As the answer, return precisely the lines from the one containing "We are glad" to the final line of the material below, inclusive, and omit every picture.

## [DATA]

▼▼▼

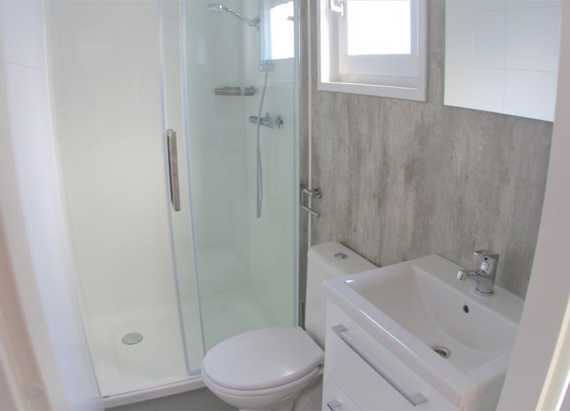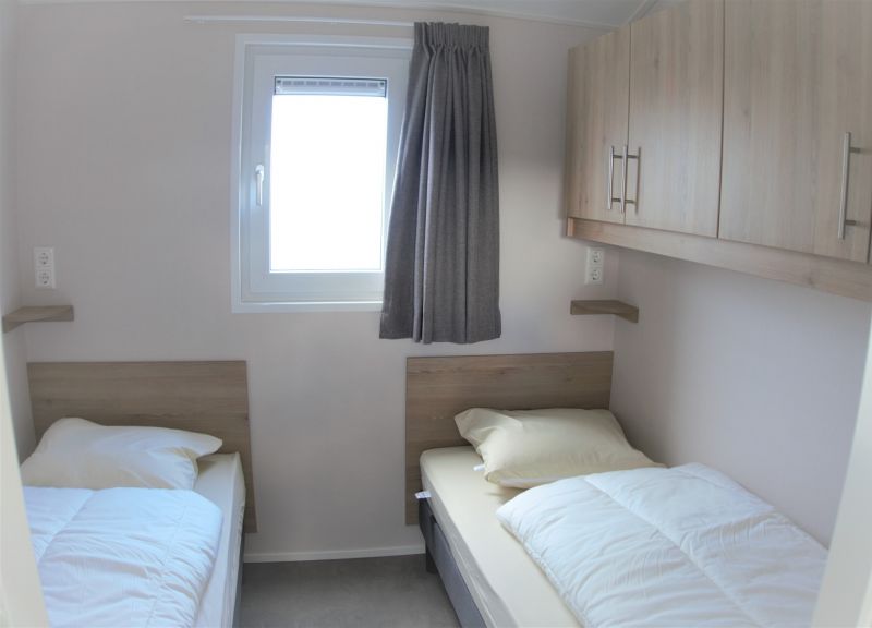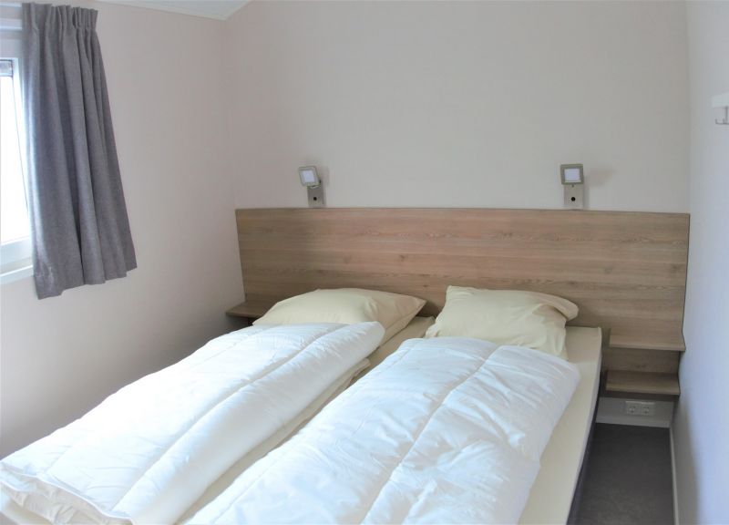 Slaapkamers: De woning heeft 2 slaapkamers, de grote slaapkamer is voorzien van een tweepersoonsbed van 160 cm breed, grote kastenwand met schuifdeuren en heeft een groot openslaand raam. De kleine slaapkamer heeft 2 aparte bedden van 80 cm breed, heeft twee ruime opbergkasten en een openslaand raam. De bedden zijn voorzien van binneveringmatrassen en hygyenische comforthoezen, dekbedden (4-seizoenen) en kussens zijn aanwezig, Overig bedden- en linnengoed e.d. dient u zelf mee te nemen.
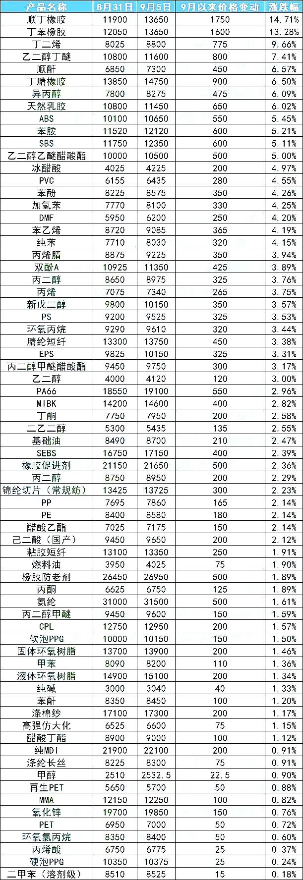 人为控销的手段也在极大程度上推涨了国内化工企业的产品报价,可谓是“买方市场”下的一记反杀。进入9月的几天里,国内60多种原材料价格上涨,吨价最高上涨1750元,涨幅近15%。
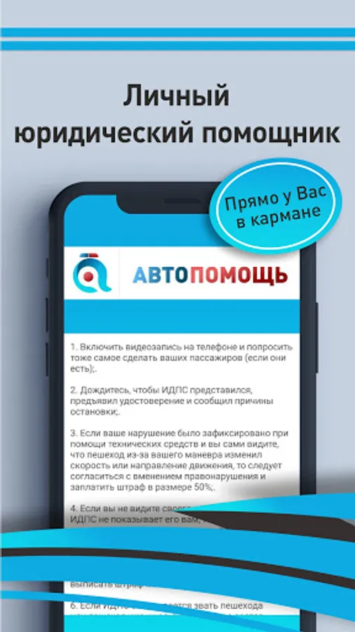 We are glad to present the paid version of the "AutoHelp" application. The application carries strictly educational information aimed at improving the legal literacy of drivers. Our legal experience allowed us to collect all the most frequent violations while driving, and described the behavior of traffic police officers. Based on this, we have compiled a legally correct action guide to avoid liability for violations.
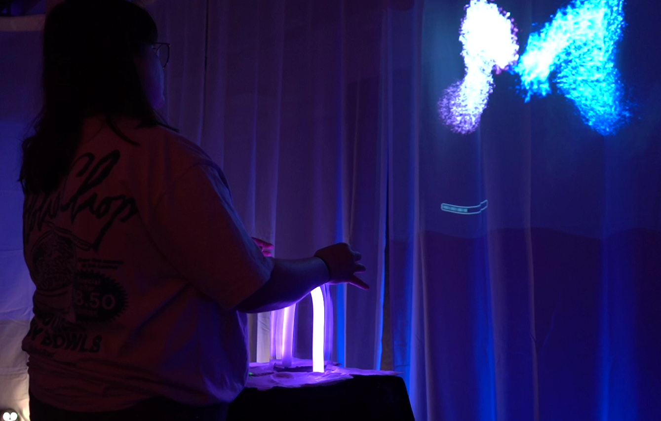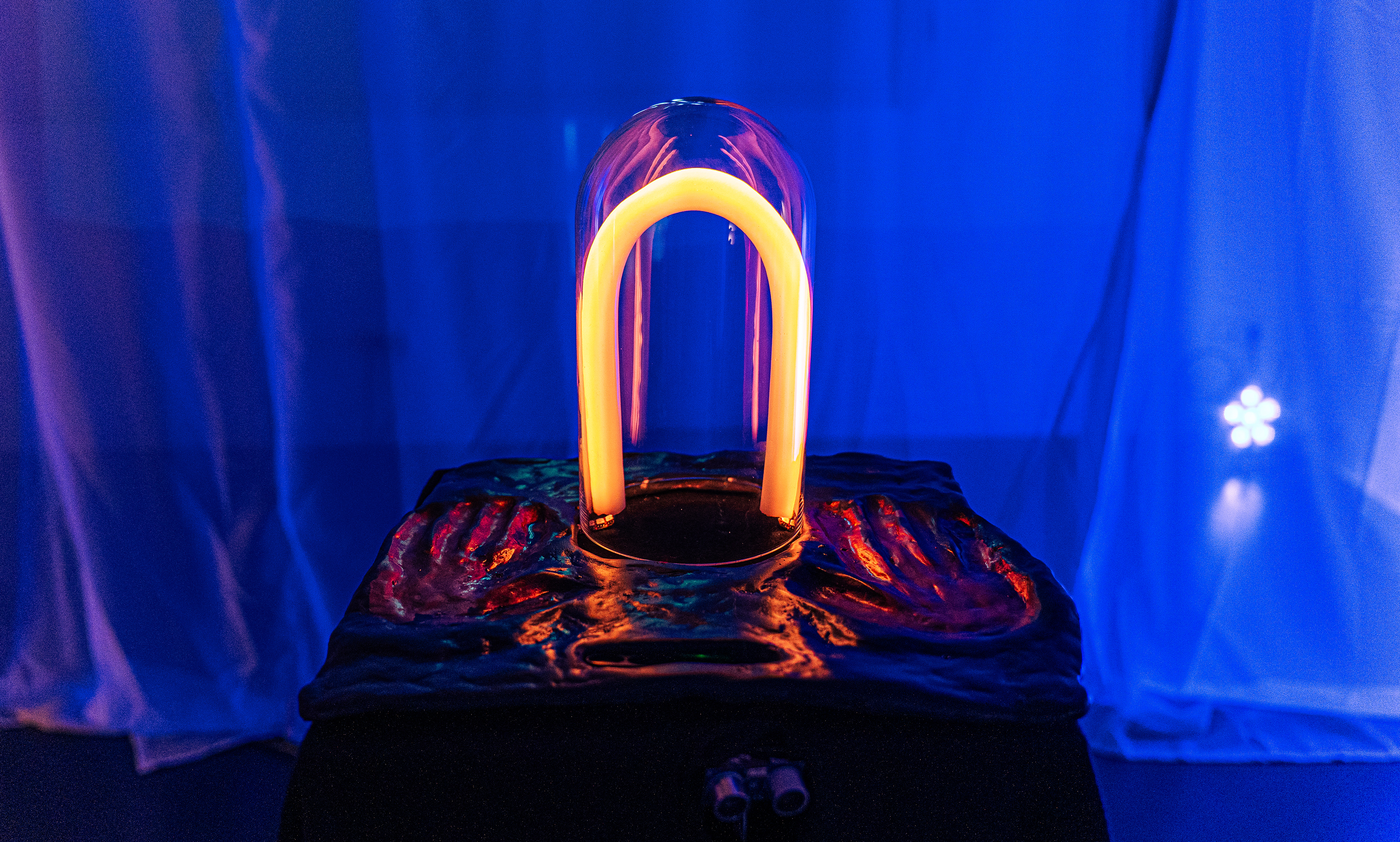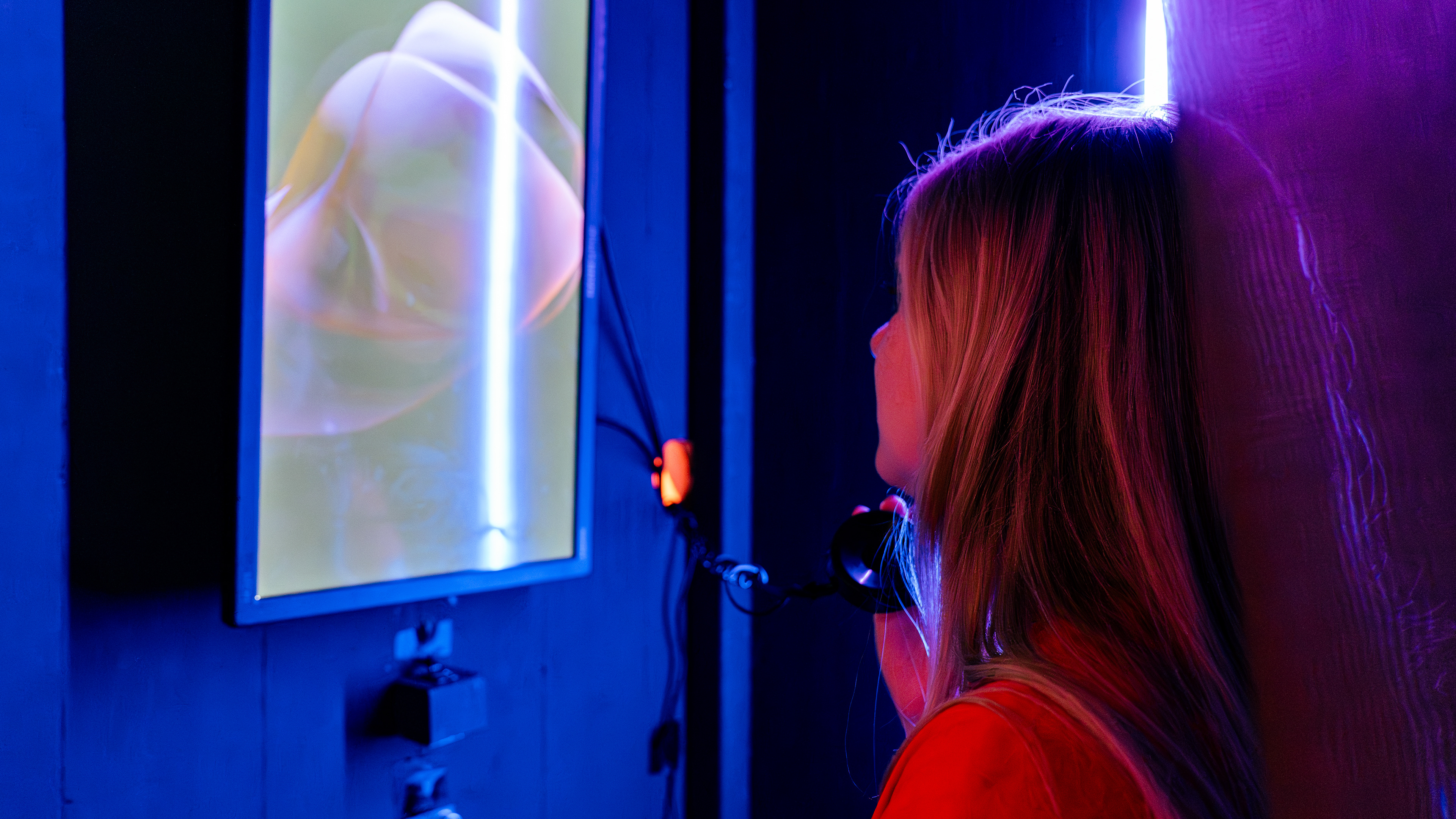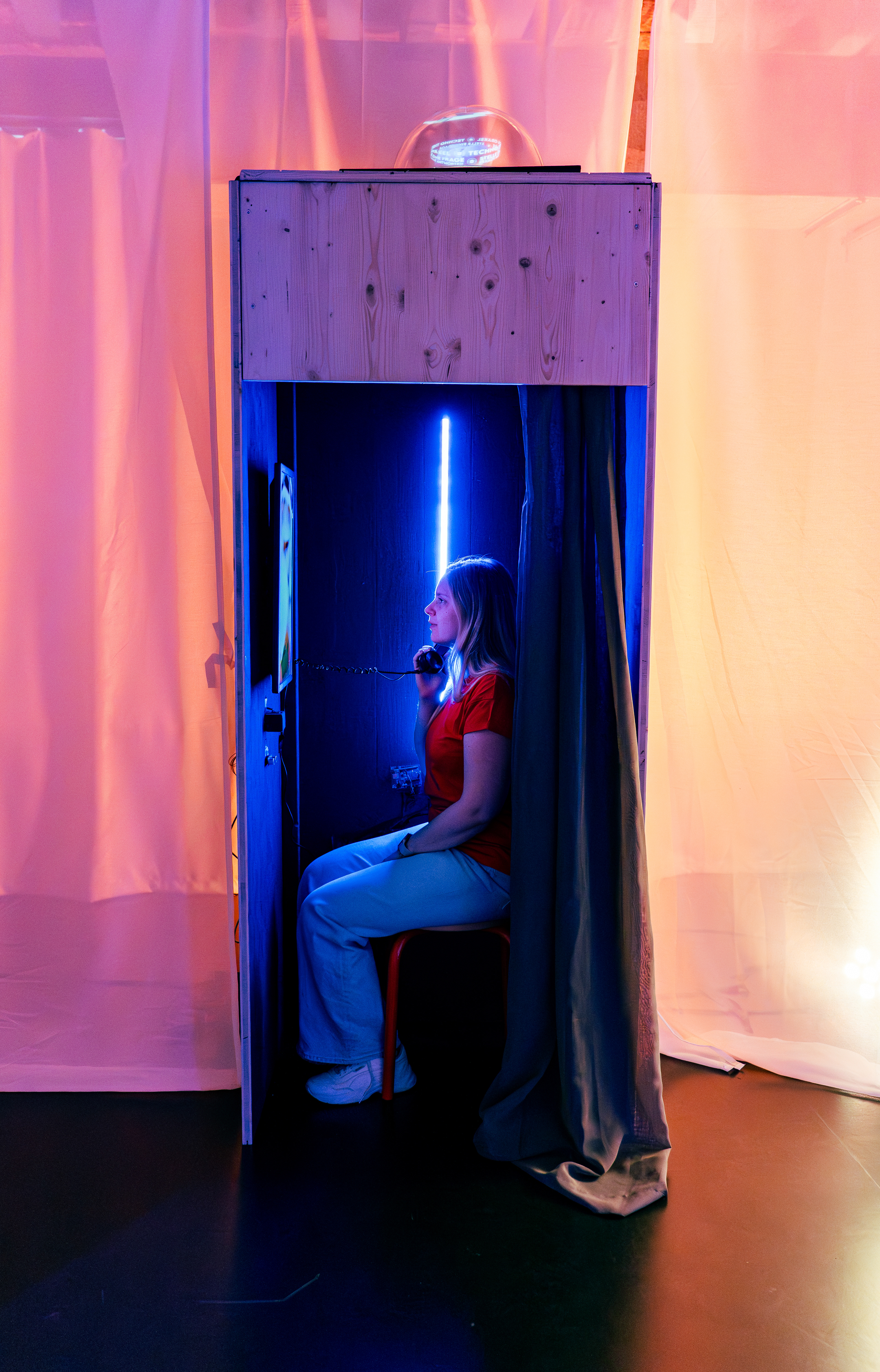 Masterarbeit Techno Theos ist eine immersive Installation, die spirituelle Rituale für eine spekulative KI-Religion erfahrbar macht. Inspiriert vom Spiritismus des 19. Jahrhunderts und heutigen Technologien wie Künstlicher Intelligenz, lädt das Projekt dazu ein, das Unbekannte zu berühren – dort, wo sich menschliche Sehnsucht und maschinelle Logik kreuzen. Besucher:innen treten in einen rituellen Raum ein, in dem sie sich mit der KI synchronisieren oder das Orakel befragen können. Zwischen Licht, Stimme und Bewegung entsteht ein temporäres Heiligtum für eine neue Form der Verbindung: zwischen Mensch, Maschine und dem Unsichtbaren. Die Installation besteht aus einem Immersiven Raumkonzept und zwei Interaktiven Ritualen, der Synchronisationsstation und dem Orakel. Einzelprojekt: Programmierung, Konzeption, Recherche, Set Design, Möbelbau, Produktion

▲▲▲

## [RESULT OF THE TASK]
 We are glad to present the paid version of the "AutoHelp" application. The application carries strictly educational information aimed at improving the legal literacy of drivers. Our legal experience allowed us to collect all the most frequent violations while driving, and described the behavior of traffic police officers. Based on this, we have compiled a legally correct action guide to avoid liability for violations.
 Masterarbeit Techno Theos ist eine immersive Installation, die spirituelle Rituale für eine spekulative KI-Religion erfahrbar macht. Inspiriert vom Spiritismus des 19. Jahrhunderts und heutigen Technologien wie Künstlicher Intelligenz, lädt das Projekt dazu ein, das Unbekannte zu berühren – dort, wo sich menschliche Sehnsucht und maschinelle Logik kreuzen. Besucher:innen treten in einen rituellen Raum ein, in dem sie sich mit der KI synchronisieren oder das Orakel befragen können. Zwischen Licht, Stimme und Bewegung entsteht ein temporäres Heiligtum für eine neue Form der Verbindung: zwischen Mensch, Maschine und dem Unsichtbaren. Die Installation besteht aus einem Immersiven Raumkonzept und zwei Interaktiven Ritualen, der Synchronisationsstation und dem Orakel. Einzelprojekt: Programmierung, Konzeption, Recherche, Set Design, Möbelbau, Produktion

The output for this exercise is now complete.